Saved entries
»»

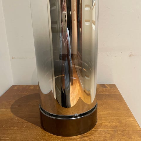 Lyhty on pulveri pinnoitettua metallia, jossa on lasimalja. Lasi on irtonainen.
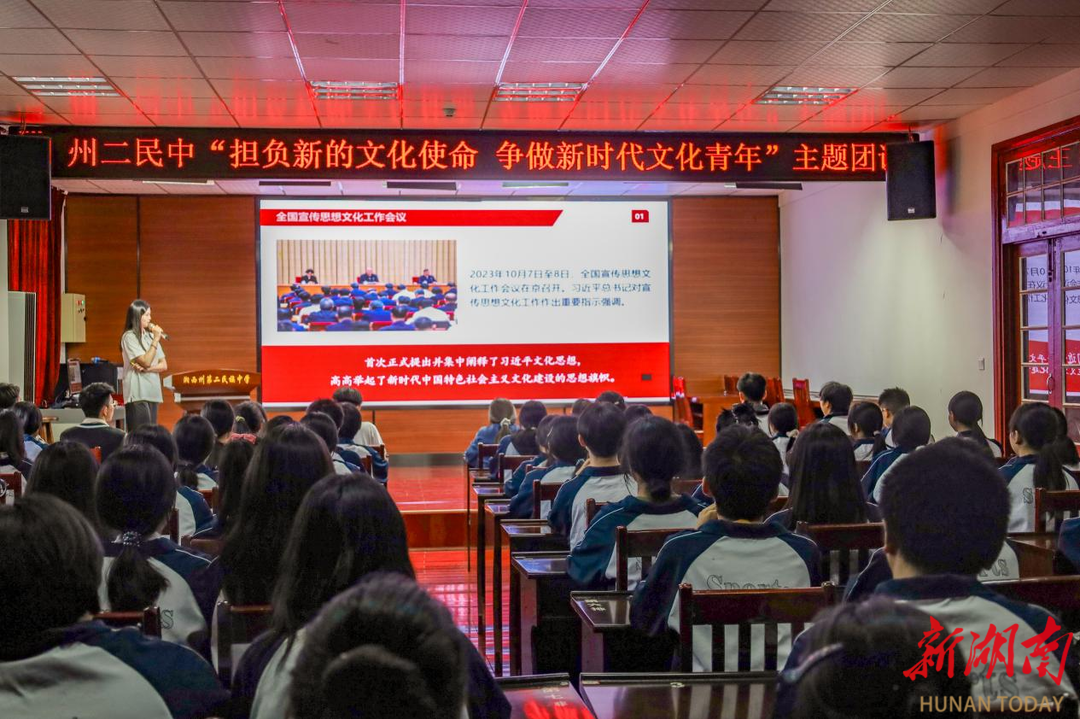 新湖南客户端6月1日讯(记者 莫成 通讯员 邓郭欢)5月30日,一场由湖南师范大学研究生支教团成员何巧玲、向子康主讲的团课,在湘西土家族苗族自治州第二民族中学开展。此次团课以“担负新的文化使命,争做新时代文化青年”为主题,吸引100多名师生热情参与,用青春之声激荡青春正能量。
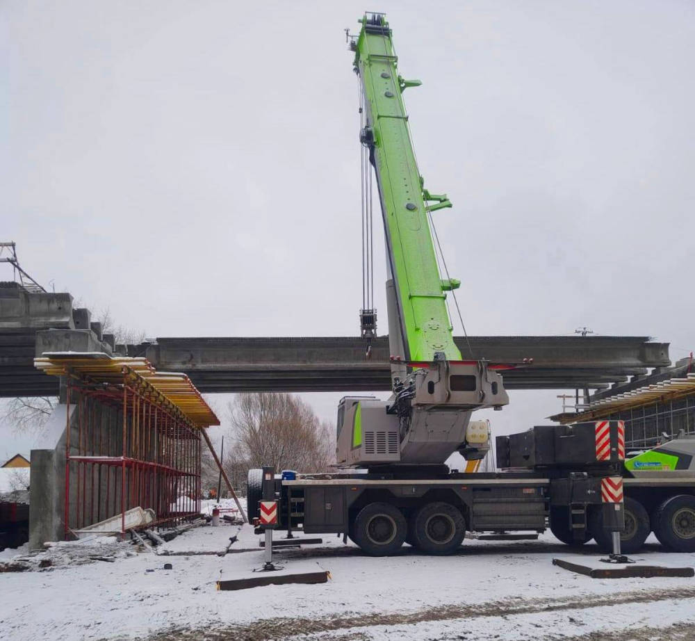 В настоящее время специалисты подрядной организации — ООО «Дорстрой 32» выполняют сложнейший этап ремонта — монтируют железобетонные балки пролётных строений. Уже смонтированы пролёты длиной 11,9, 15 и 24 метра. Для этих целей на стройплощадке применяется кран с высокой грузоподъёмностью, позволяющий поднимать и перемещать многотонные конструкции.
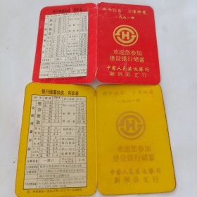 1991年中国人民建设银行(新洲县支行)恭喜发财 年历卡(2张合售)
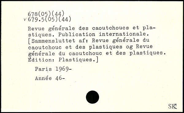 Revue générale des caoutchoucs et plastiques. Publication internationale. [Saramensluttet af: Revue générale du caoutchouc et des plastiques og Revue générale du caoutchouc et des plastiques. Édition: Plastiques.]
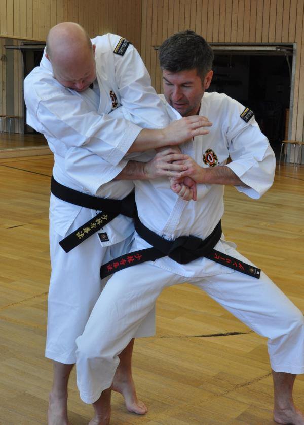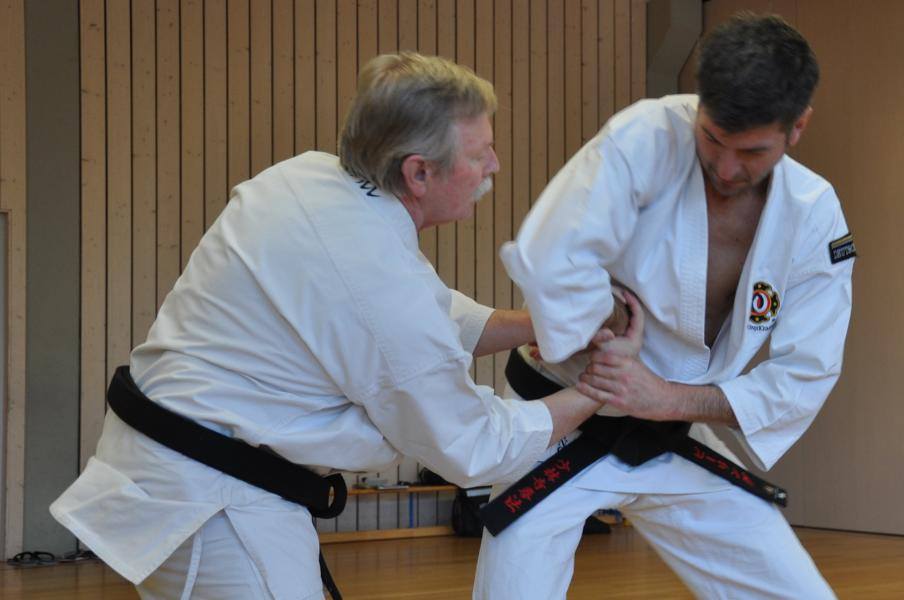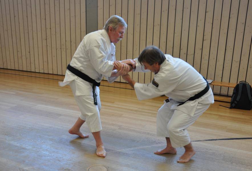 Zum Einstieg hatte Birling Sensei chudan gaeshi zu uchi uke zuki aus dem Kumi Embu vom 4. Dan ausgewählt. Diese Technikfolge kommt nur im Kumi-Embu vor und wird deshalb zwangsläufig auch nicht so oft geübt. Die Auffrischung dieser Technikfolge kam allen Seminar-Teilnehmern sehr gelegen. Weiter ging es mit okuri gassho konoha nage aus dem 5. Dan. Hier zeigte sich wieder einmal das herausragende Können und Wissen von Wunderle Sensei, dessen Juho-Fertigkeiten uns immer wieder verblüffen. Es ging weiter mit den schmerzhaften Hebeltechniken kubi jime nage und kiri gote morote. Speziell bei der morote Form von kiri gote beschäftigten wir uns intensiv mit dem unpoho bzw. tai sabaki, welches hier – wie so oft – das Fundament für das Funktionieren der Technik darstellt. Nur mit der richtigen Laufschule und den korrekten Drehungen können beide Hände des Verteidigers zusammenarbeiten und die Hände des Angreifers einklemmen bzw. kontrollieren (siehe Foto). Diese anspruchsvolle Technik befindet sich im Lehrprogramm für den 2. Kyu.
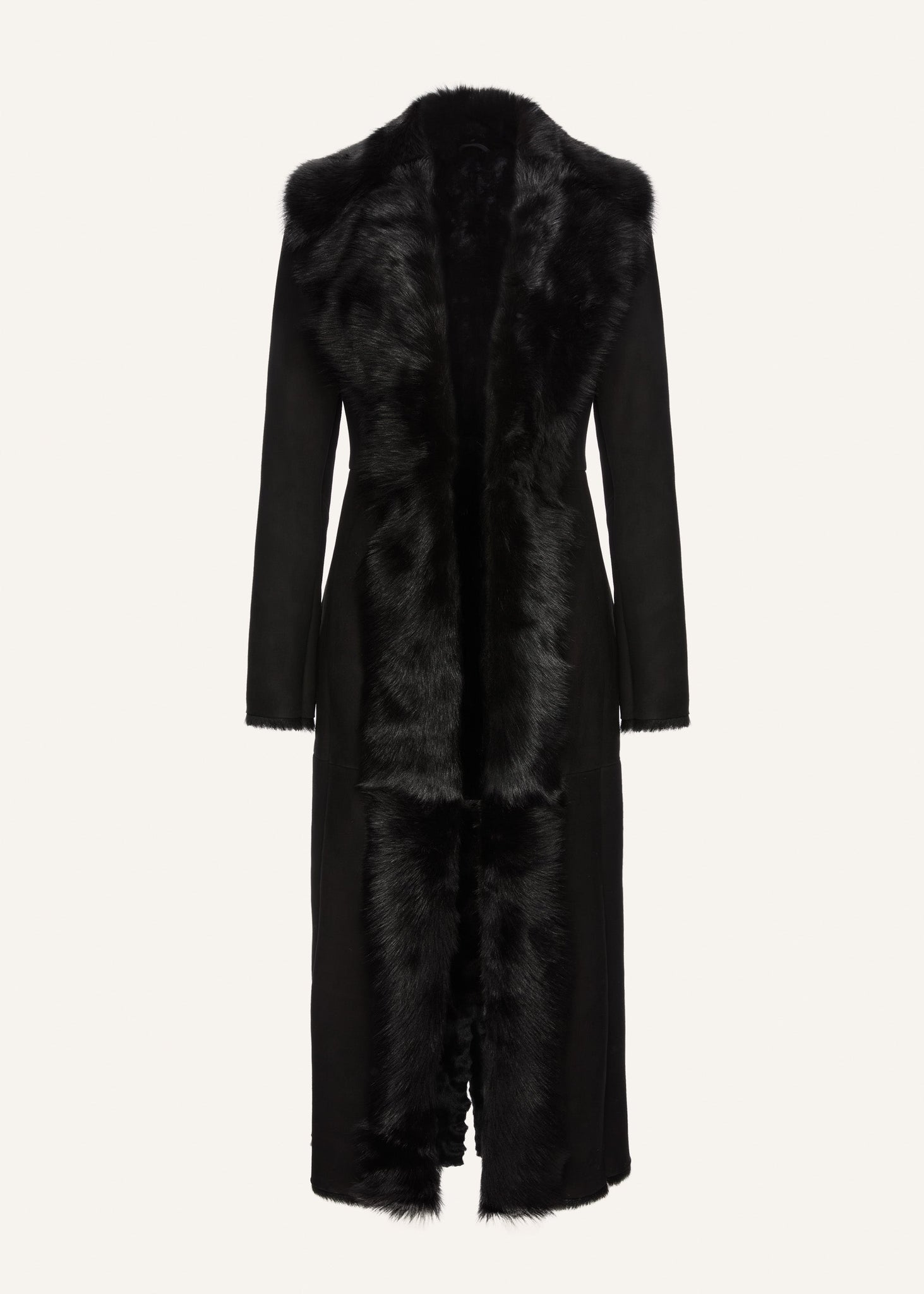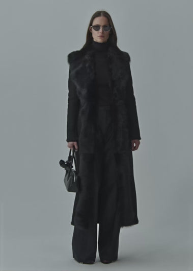Long tailored coat in supple black shearling leather, featuring plush fur trim along the collar and front opening.
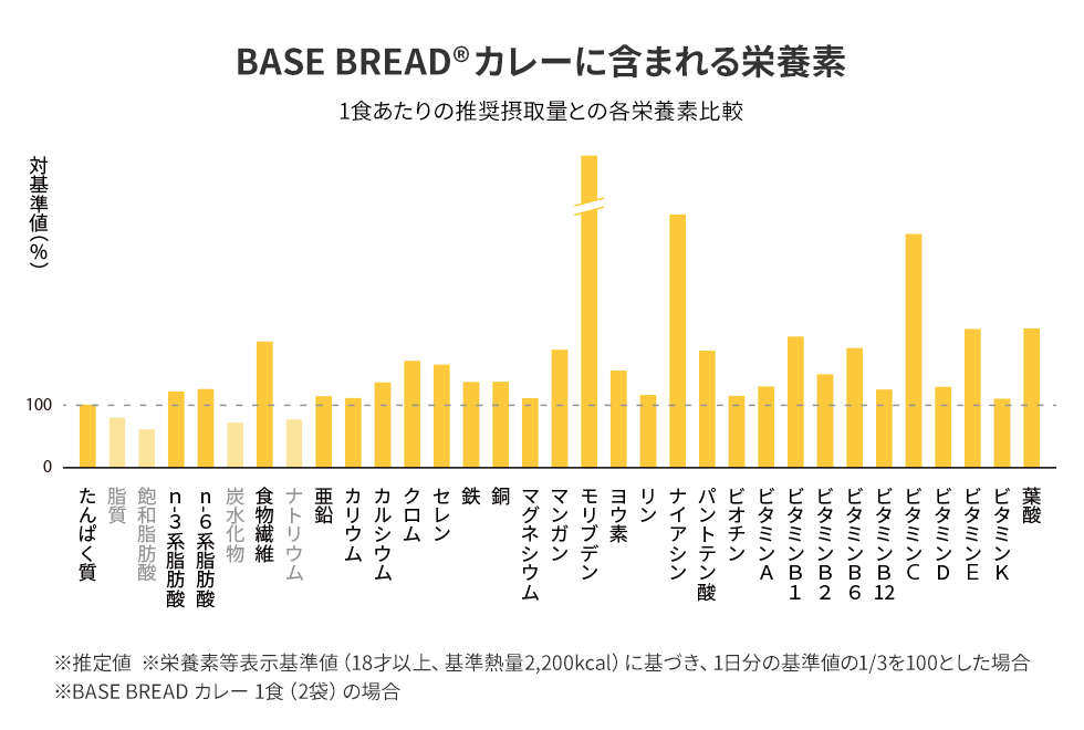 *1 1食分(BASE BREADは2袋、BASE Cookiesは4袋、BASE YAKISOBAは2個、BASE RAMENは2個、BASE Pancake Mixは1袋と卵Mサイズ1つ、牛乳(成分無調整)100mlを使用して調理した場合)で、栄養素等表示基準値に基づき、脂質・飽和脂肪酸・炭水化物・ナトリウム以外のすべての栄養素で1日分の基準値の1/3以上を含む。
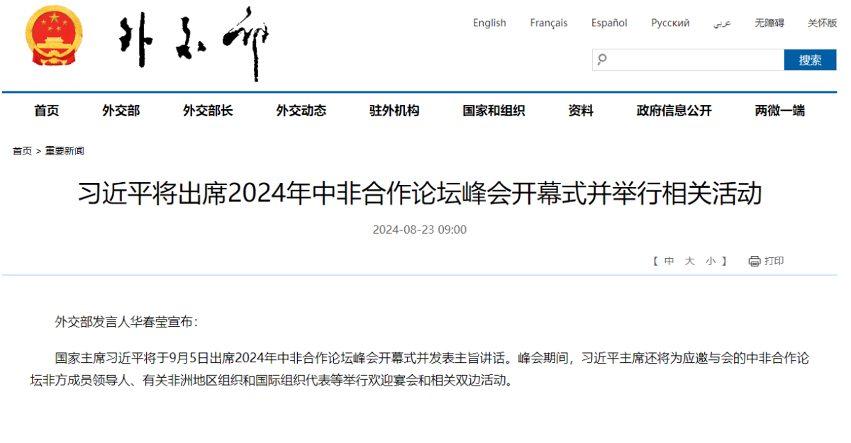 【點新聞報道】據外交部網站消息,外交部發言人華春瑩宣布:國家主席習近平將於9月5日出席2024年中非合作論壇峰會開幕式並發表主旨講話。峰會期間,習近平主席還將為應邀與會的中非合作論壇非方成員領導人、有關非洲地區組織和國際組織代表等舉行歡迎宴會和相關雙邊活動。

««

WHAT NEEDS TO BE DONE
Starting at the line containing "1991年中国人民建设银行(新洲县支行)恭喜发财 年历卡(2张合售)" and finishing at the line containing "Revue générale des", return those lines exactly as they appear above, without the pictures.

WORKED SOLUTION
 1991年中国人民建设银行(新洲县支行)恭喜发财 年历卡(2张合售)
 Revue générale des caoutchoucs et plastiques. Publication internationale. [Saramensluttet af: Revue générale du caoutchouc et des plastiques og Revue générale du caoutchouc et des plastiques. Édition: Plastiques.]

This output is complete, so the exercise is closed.